Me había aburrido y
decidí explorar la zona. Dejé el campamento, algunos amigos preparaban los
trastos para server la comida, otros más juntaban leños para la fogata de la
noche. Las casas de campaña estaban pintadas de colores muy llamativos:
amarrillo, rosa, naranja, así que pensé en que si no me alejaba mucho podría
distinguir a lo lejos los colores: regresar no sería ningún problema –me dije-,
al echar el último vistazo hacia el bosque.
Cargué con una botella de agua, una
lámpara, un cuchillo, y con un “ahora regreso” tímido, me interné entre los árboles.

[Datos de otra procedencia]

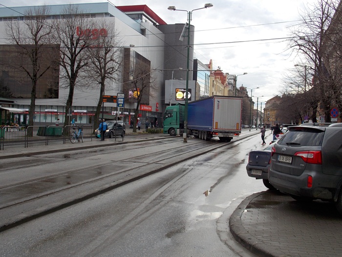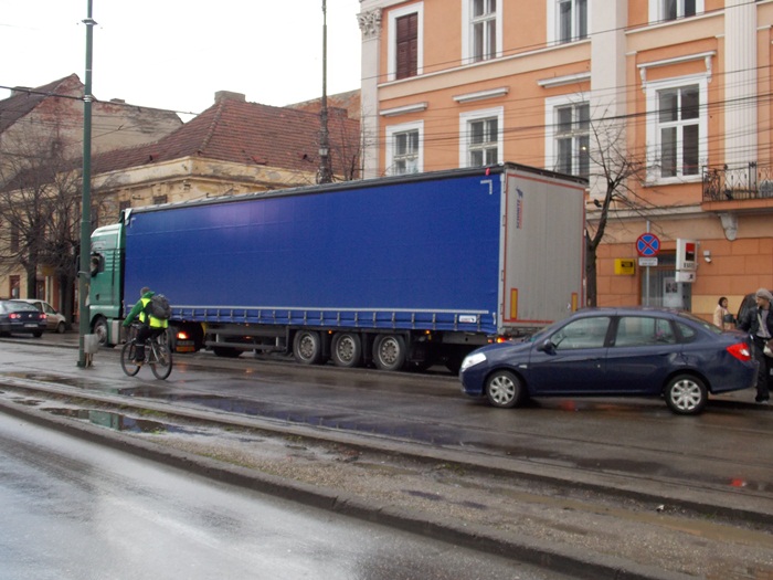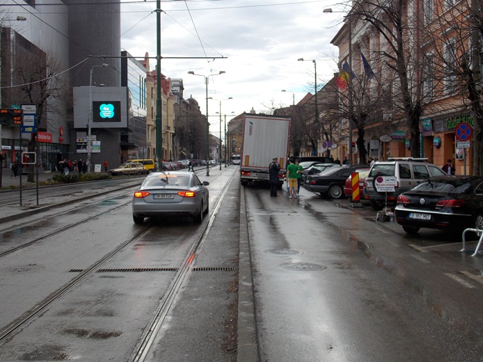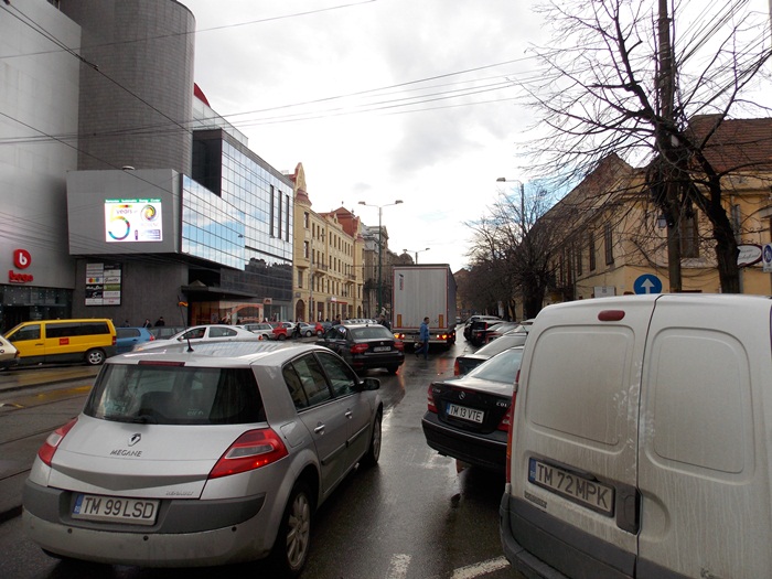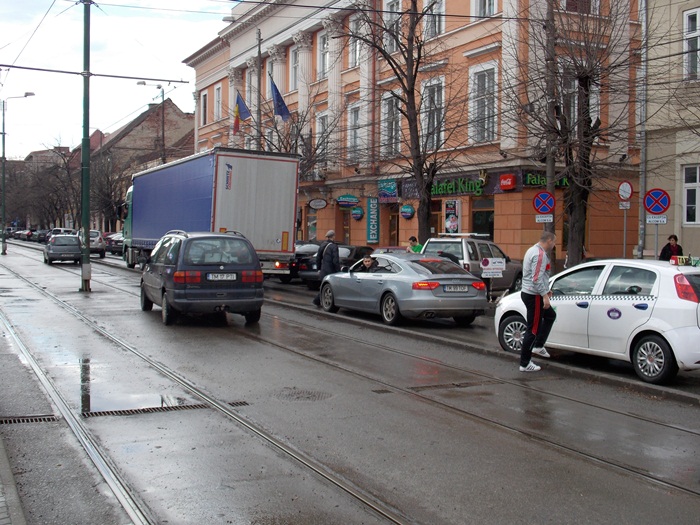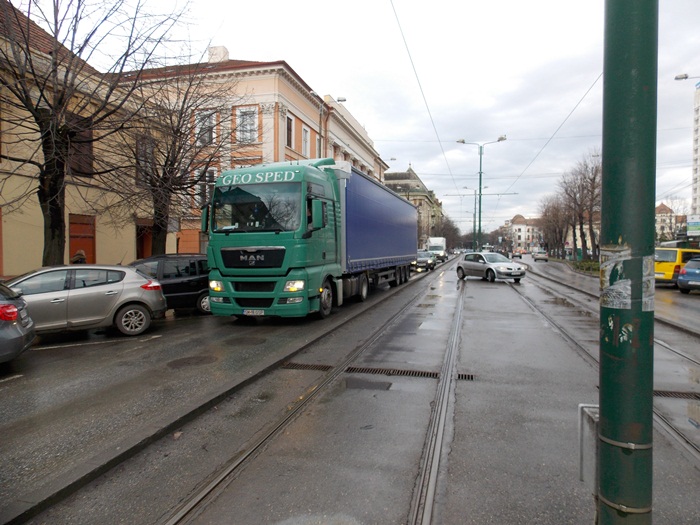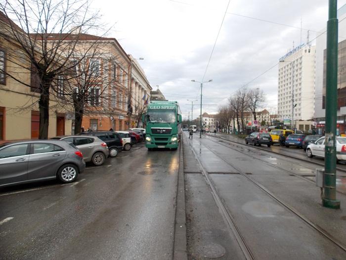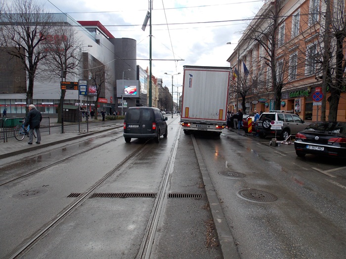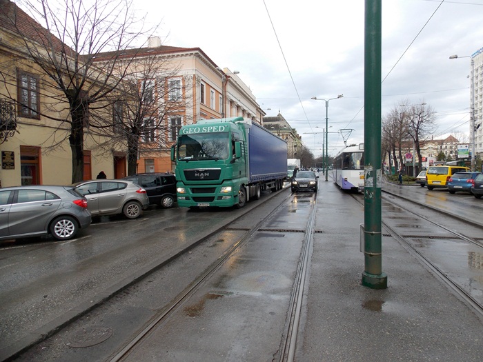 Cand si-a dat seama ce s-a intamplat, soferul de tir a oprit mastodontul in dreptul intersectiei cu Augustin Pacha. Traficul in zona a fost dat peste cap, in spatele tirului formandu-se coloana de masini. Unii soferi, s-au urcat in cele din urma pe bordura ce separa carosabilul de linia de tramvai si si-au continuat drumul peste sine.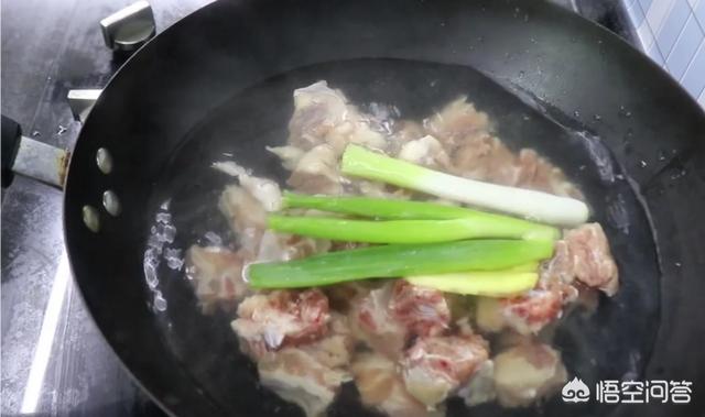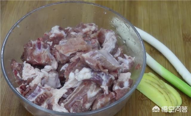 锅里放入冷水,先给排骨焯一下水,这里要注意的是一开始要放冷水加热。在焯水时,加入一点姜和葱、料酒去一下腥。水烧开后,把浮沫撇掉,把排骨捞出备用。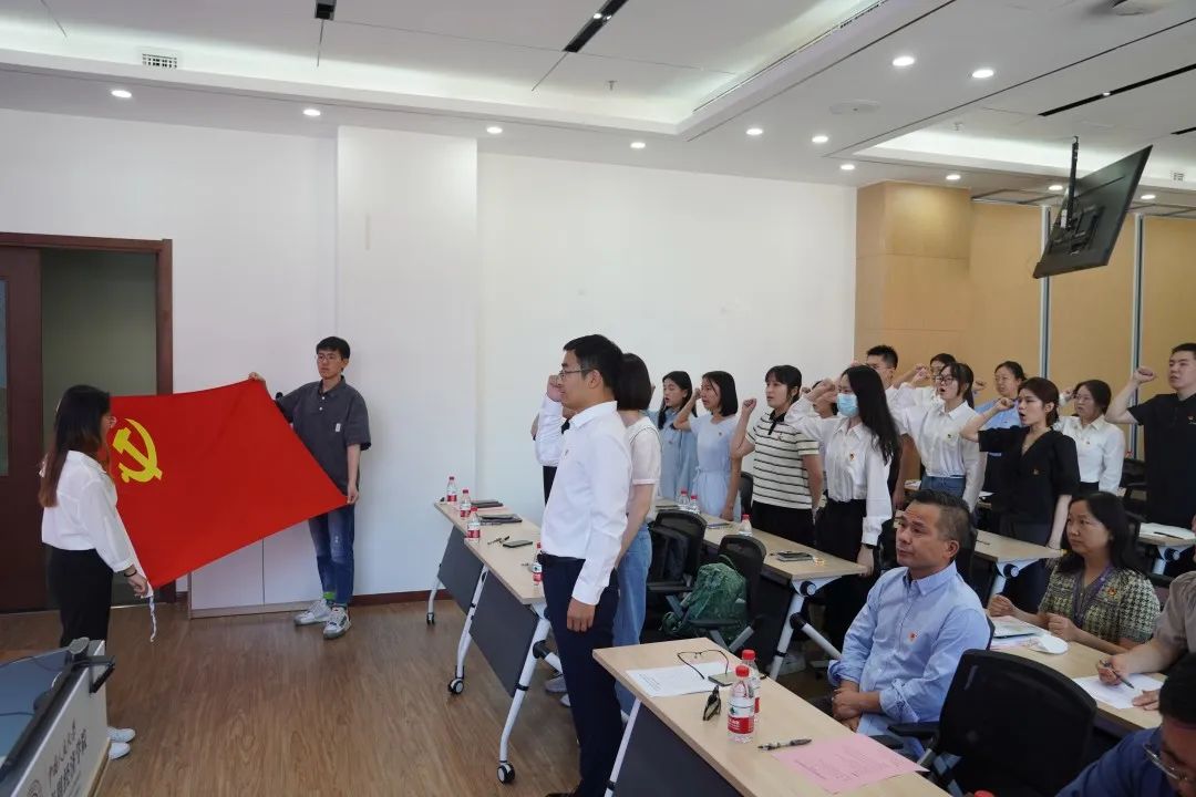 在党内表彰大会上,2023年度新发展党员进行集体宣誓,参会的党员同志重温入党誓词,共同表达对党的无限忠诚与热爱。
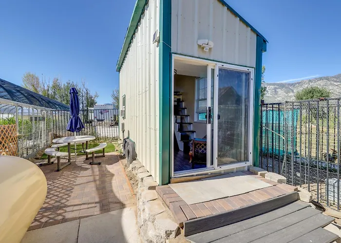 O 11 Mi To Heavenly Resort Pet-Friendly Tiny Home Gardnerville inclui pátio e está localizado a aproximadamente 7 km de Carson Valley Museum and Cultural Center. Este apartamento possui um clube de golfe e campo de golfe, perfeitos para os hóspedes que gostam de se manter ativos.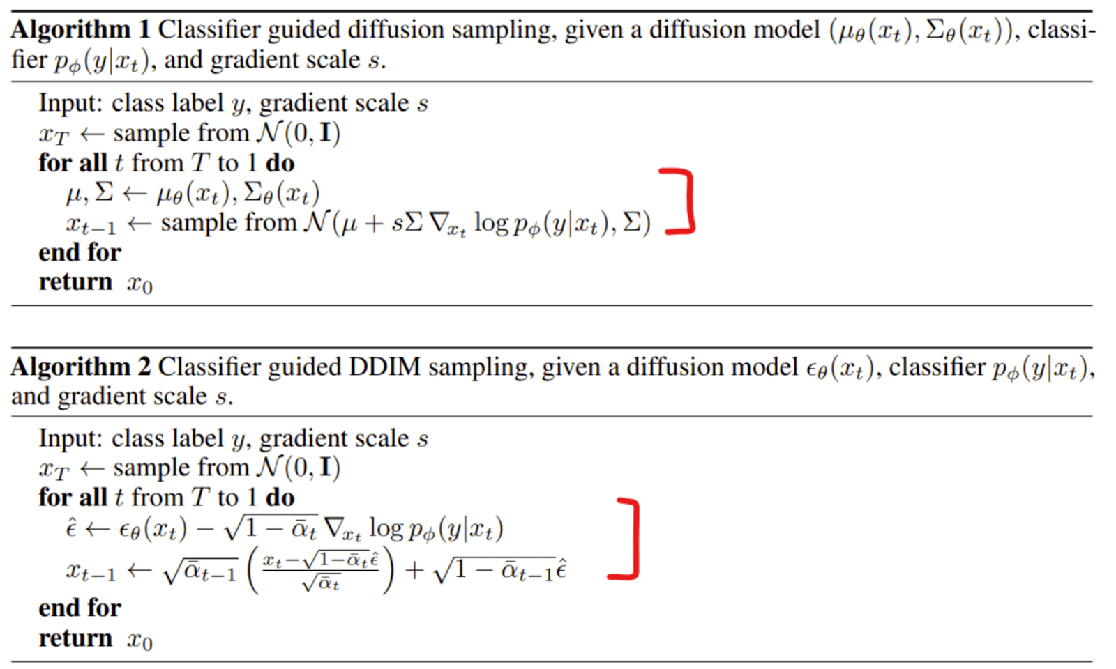 Classifier guidance is pretty simple. Suppose you want to generate cats, dogs, birds, and giraffes. Firstly, to allow text descriptions, each image needs to be labeled with its contents (cat, dog, etc.). Now, in addition to the standard denoising diffusion training, as you train, train a model to predict the image’s class from the latent. Now, when you sample you can request two score functions: for the diffusion model, and for the classifier. The score function of each will tell us the direction we should move the latent vector to increase the odds of the distribution, and the odds of classification. If we move a bit in both directions, we'll simultaneously increase the odds of the point being in our distribution (the image will look good), and being what we want (image of a cat, not a dog).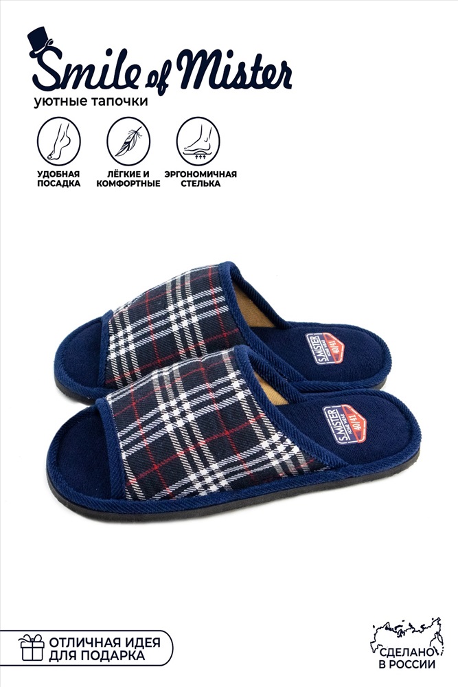 Состав: текстиль, ЭВА Модель: Туфли комнат. муж. А-150-031-02 отк Тип товара: тапки Материал: смесовая ткань Бренд: РПТ АО Назначение: для дома Особенности: открытая пятка | открытый носок Рисунок: клетка Сезонность: лето | осень | весна | зима Стиль: домашний Открытые домашние мужские тапочки от бренда Smile of Mister - лучший выбор для Ваших ног. В таких тапках ноги не будут преть, но вместе с тем модель теплая и подойдет для зимы. Шлепки легкие и комфортные, имеют эргономичную посадку. Открытый мысок обеспечивает дополнительную вентиляцию для ног. Комфортная стелька выполнена из текстиля, благодаря чему стопа не будет потеть. Таблица размеров и веса
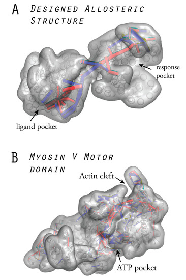 Figure 6 displays a designed allosteric structure obtained from our computational evolution model, together with the naturally evolved myosin V motor domain. In both structures, the identified communication pathways are highlighted. In fact, the two designed network architectures can be regarded as coarse-grained representations of fictitious, allosterically functional protein structures. We elaborate on such aspects further in Section 7.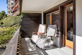Schönes Appartementhaus Parc, umgeben von Bäumen. Im Ortszentrum von la station, 30 m vom Waldrand, 100 m vom See, in einer Sackgasse. Im Hause: Fahrstuhl, Skiraum, Zentralheizung. Zufahrt bis 50 m zum Haus. (10 Stufen). Öffentliche Parkplätze 850 m. Einkaufsgeschäft 200 m, Restaurant 100 m, Bäckerei 350 m, Bushaltestelle 50 m, Freibad 1 km. Tennis 300 m, Luftseilbahn 850 m, Skischule 300 m, Ski-Kindergarten 350 m, Eisfeld 800 m, Kinderspielplatz 600 m, Angelmöglichkeit.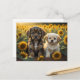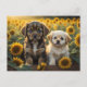 Two puppies, one brown and the other cream, sitting in a serene sunflower field.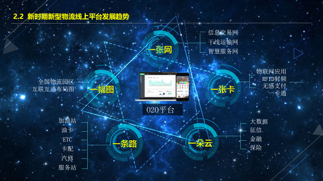 对于线上的物流平台,应建立“五个一”。首先是一张网,这张网不仅是信息交易平台,而是要把仓干配的物流网络也搭建起来,把物流后市场服务网络也搭建起来,同时把智慧技术融入,形成线上线下联动。第二是一张卡,这张卡可能是实物或是虚拟账户,这张卡能够通过物联网应用,实现供应链里面的一体化服务,从物流的交易到后期结算形成一整套体系。第三是一朵云,怎样利用大数据,利用征信体系、金融体系,支撑供应链、物流园区和线上平台发展。第四是一条路,怎样围绕高速公司和车辆,提供更多的增值服务,比如油卡、ETC、汽修等。第五是一幅图,全国物流园区互联互通布局图。线上平台只有与线下园区相结合,两条腿走路,才能跑得快。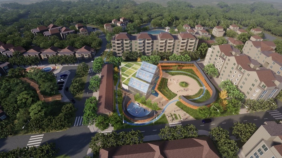 項目借鑒成都傳統(tǒng)建筑元素,打造巴渝原鄉(xiāng)生活。項目的天空綠色農(nóng)場是世界上首個低碳,液壓能推動的城市垂直農(nóng)場系統(tǒng)。針對日益加劇的城市土地、生態(tài)資源等問題,該技術(shù)旨在用盡量少的空間,能源來種植更多,更安全的食材, 該系統(tǒng)在又高又窄的A字形結(jié)構(gòu)上種植生菜、菠菜以及各種亞洲綠色蔬菜,該結(jié)構(gòu)會慢慢地轉(zhuǎn)動植物,就像在摩天輪上一樣,以確保他們得到足夠的陽光。項目為居民提供交流活動場所,全年不間斷鄰里活動的組織增強(qiáng)居民歸屬感。同時,項目注重整合周圍資源,為不同年齡的人提供活動場所,集休閑,運(yùn)動于一身。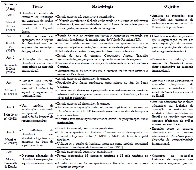 Os artigos incluídos nesta RI foram: estudos primários, publicados em português, inglês ou espanhol, entre 2005-2017, disponibilizados em revistas on-line e na íntegra. Foram também utilizados dados consolidados do Drawback, disponibilizados on-line no Portal Sixcomex–RFB/SECEX. Foram excluídos: artigos de revisão, monografias, teses e pesquisas em idiomas diferentes do proposto ou fora do período estabelecido.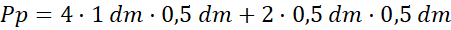 Wiedząc, że wysokość wynosi 1 dm, a krawędź podstawy jest dwukrotnie krótsza oblicz pole powierzchni.
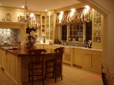My beautiful pale yellow kitchen with teak topped island (carerra countertops)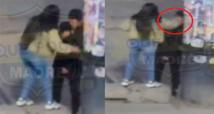 En redes sociales se hizo viral el video de una cámara de vigilancia que muestra a una mujer que golpeó brutalmente a su novio tras sostener una discusión al salir de un bar en Pachuca, Hidalgo (México).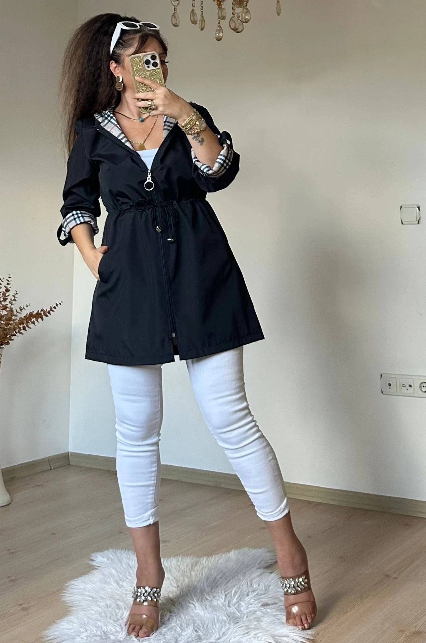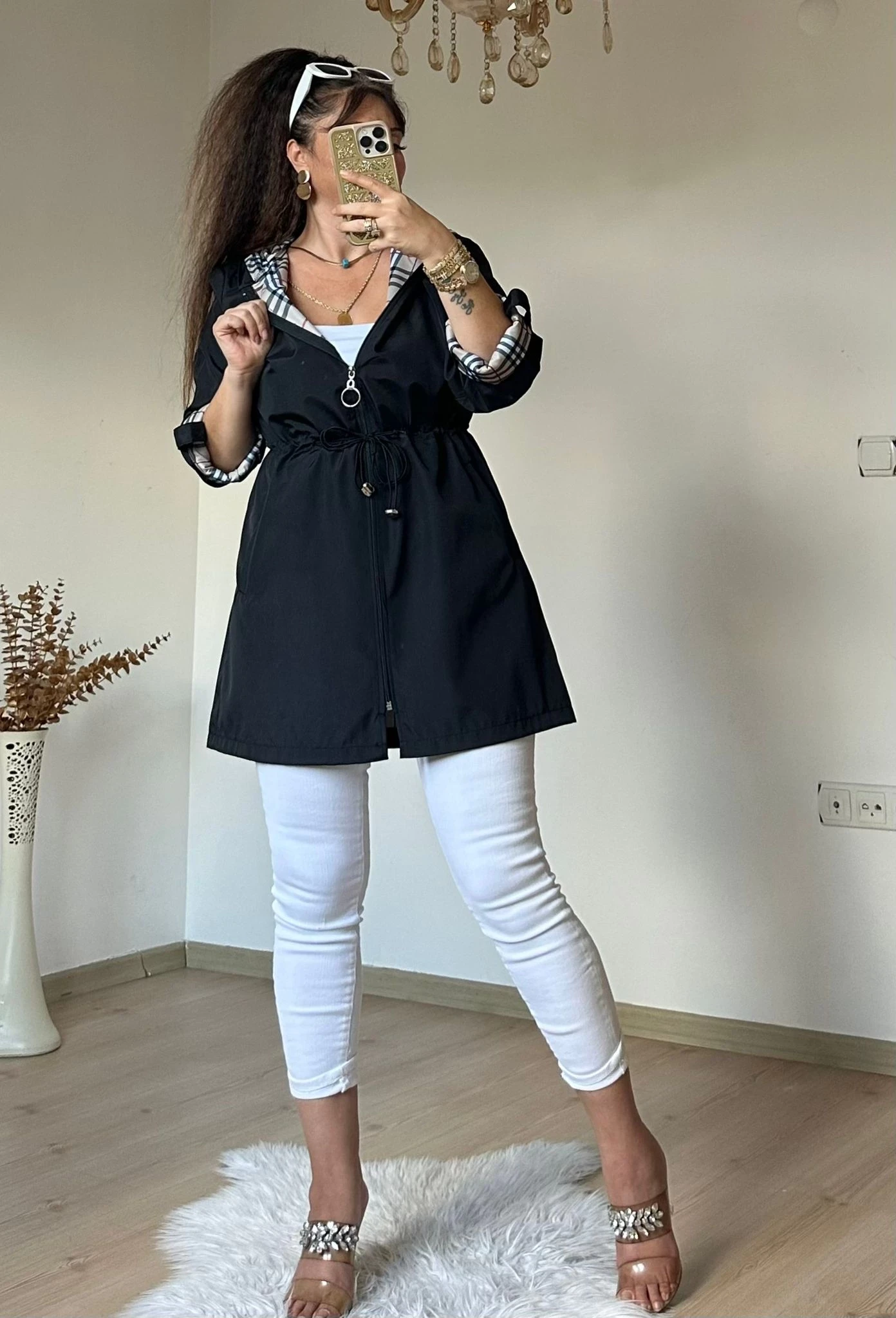 Cep Detay Büzgülü Kapitone Siyah Yelek
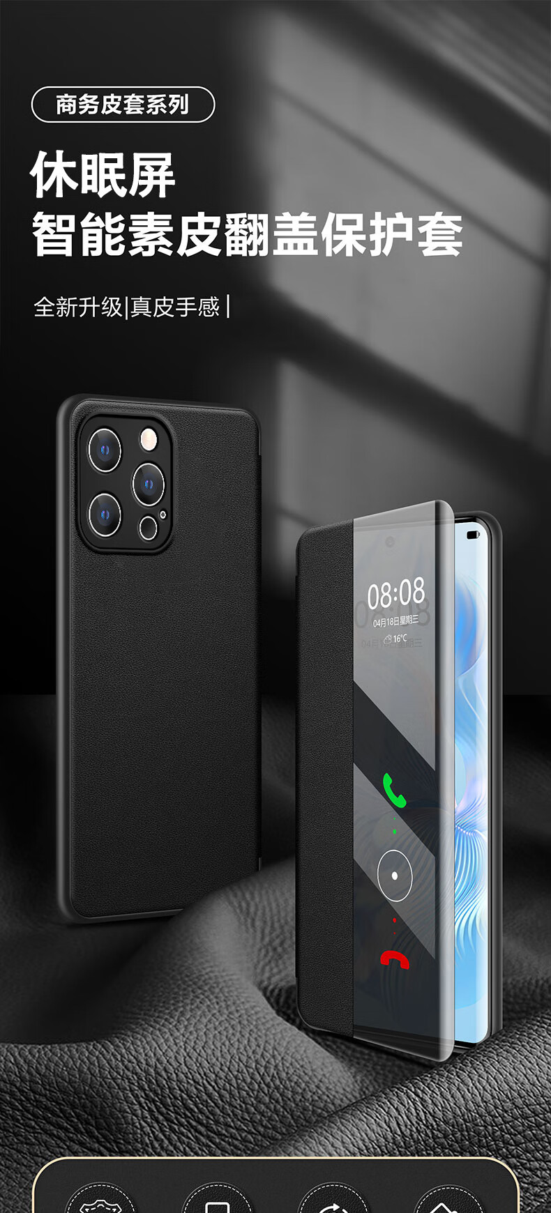 Nagato Aya suitable for Apple 14ProMax mobile phone case clamshell iPhone14Pro smart sleep window 14 business fourteen men 2025 new protective cover smart flip leather case/cowhide pattern/anti-fall and anti-fingerprint black Apple 14ProMax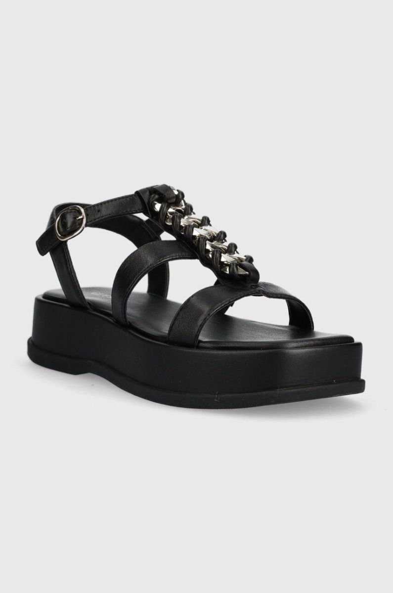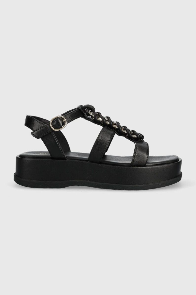 Шкіряні сандалі Guess VADIKA жіночі колір чорний на платформі FL6VAD LEA03

La verdad, no buscaba nada en especial, simplemente quería estar en contacto
con la naturaleza, donde el tiempo prefiere rodear la creación perfecta, tan
solo acariciando los troncos gruesos, añejos, de los que las ramas salen como
brazos en un constante querer acariciarme con sus hojas del tamaño de la palma
de mi mano.
Marcaba los árboles con el cuchillo para dejar la huella de mí
andar y así poder regresar. La verdad es que este viaje me ha entusiasmado
mucho y no tanto por compartir tiempo con los amigos pues en la ciudad están a
diario conmigo, sino por un extraño llamamiento que percibo en mi interior
desde hace tiempo: el venir a este lugar tan remoto. Crucé un riachuelo, de
inmediato vi que el bosque cambiaba: la flora era más nutrida, como si
estuviese devorándose todo lentamente, los árboles eran inmensamente más altos
y el terreno estaba cubierto por hierba, de pronto sentí que el clima cambió.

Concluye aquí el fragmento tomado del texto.